> **Input data**:
##############################

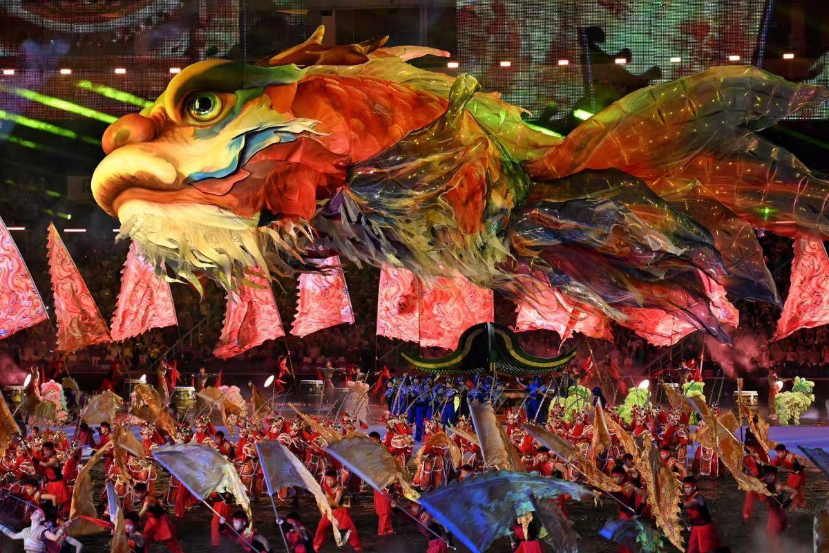巨型龟灯的视觉效果令人震撼。图片来源齐鲁晚报 湖北日报评论员胡勤 灯笼鱼、舞狮、英国歌舞……11月9日晚,第十五届全运会开幕式上,一场气势磅礴的非物质文化遗产表演让观众大饱眼福,尤其是45米长的巨型飞天灯笼鱼,金光闪闪,游遍世界。雷南的审美观和民族特色被表现得淋漓尽致,视觉效果震撼。近年来,中国独特的民族文化属性日益以前所未有的活力出现在世界舞台上。鱼灯之美不在于其表面的“中国式”装饰,而在于其吉祥寓意与至高审美的高度统一,源于民间传说,积淀了数千年。这是基于Reinan fi的大胆创新嘘灯笼。从江南青瓷的盘根错节的荷枝,到闽南屋顶上的燕尾脊。从陕西剪纸的鱼戏荷叶,到粤绣独特的金银线,这些深深扎根于大地的文化符号,既是对美好生活的向往,也是无数气质的审美结晶。它绝不是一个静态的标本,而是一个活的基因,始终活跃在日常生活中,流淌在人们的血液中。全运会开幕式的核心美学理念是“植根岭南文化的现代转型”。你可以看看雷南,感受时代。通过色彩的历史、视觉结构和创意转化,对岭南文化进行现代演绎,展现“开放、融合”的新时代、新审美。当古老的地方符号被赋予现代气息,焕发出勃勃生机它们令世界惊叹,它们成为我们取之不尽的财富矿藏和文化信任的最坚实基础。
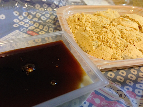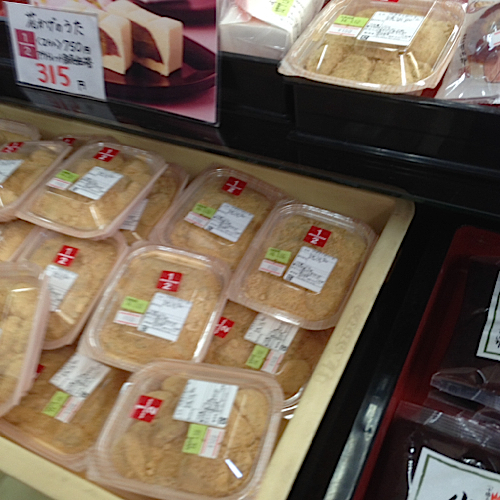 すいません、写真ボケちゃいましたが信玄餅の切り落とし(100円)を購入
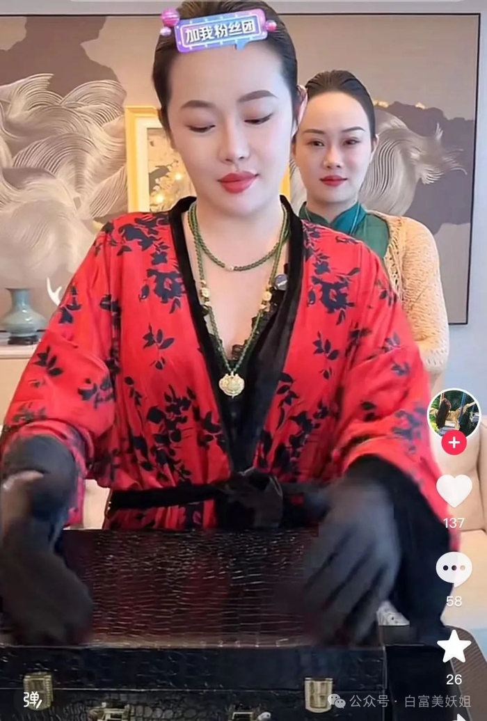 某次室外的场景,四姐安排了几位旗袍美女端着盒子出场,妖姐差点以为是什么选美比赛现场👇

##############################

> **Required work**:
Drop the pictures, then repeat the material word for word.

> **Written answer**:
巨型龟灯的视觉效果令人震撼。图片来源齐鲁晚报 湖北日报评论员胡勤 灯笼鱼、舞狮、英国歌舞……11月9日晚,第十五届全运会开幕式上,一场气势磅礴的非物质文化遗产表演让观众大饱眼福,尤其是45米长的巨型飞天灯笼鱼,金光闪闪,游遍世界。雷南的审美观和民族特色被表现得淋漓尽致,视觉效果震撼。近年来,中国独特的民族文化属性日益以前所未有的活力出现在世界舞台上。鱼灯之美不在于其表面的“中国式”装饰,而在于其吉祥寓意与至高审美的高度统一,源于民间传说,积淀了数千年。这是基于Reinan fi的大胆创新嘘灯笼。从江南青瓷的盘根错节的荷枝,到闽南屋顶上的燕尾脊。从陕西剪纸的鱼戏荷叶,到粤绣独特的金银线,这些深深扎根于大地的文化符号,既是对美好生活的向往,也是无数气质的审美结晶。它绝不是一个静态的标本,而是一个活的基因,始终活跃在日常生活中,流淌在人们的血液中。全运会开幕式的核心美学理念是“植根岭南文化的现代转型”。你可以看看雷南,感受时代。通过色彩的历史、视觉结构和创意转化,对岭南文化进行现代演绎,展现“开放、融合”的新时代、新审美。当古老的地方符号被赋予现代气息,焕发出勃勃生机它们令世界惊叹,它们成为我们取之不尽的财富矿藏和文化信任的最坚实基础。
 すいません、写真ボケちゃいましたが信玄餅の切り落とし(100円)を購入
 某次室外的场景,四姐安排了几位旗袍美女端着盒子出场,妖姐差点以为是什么选美比赛现场👇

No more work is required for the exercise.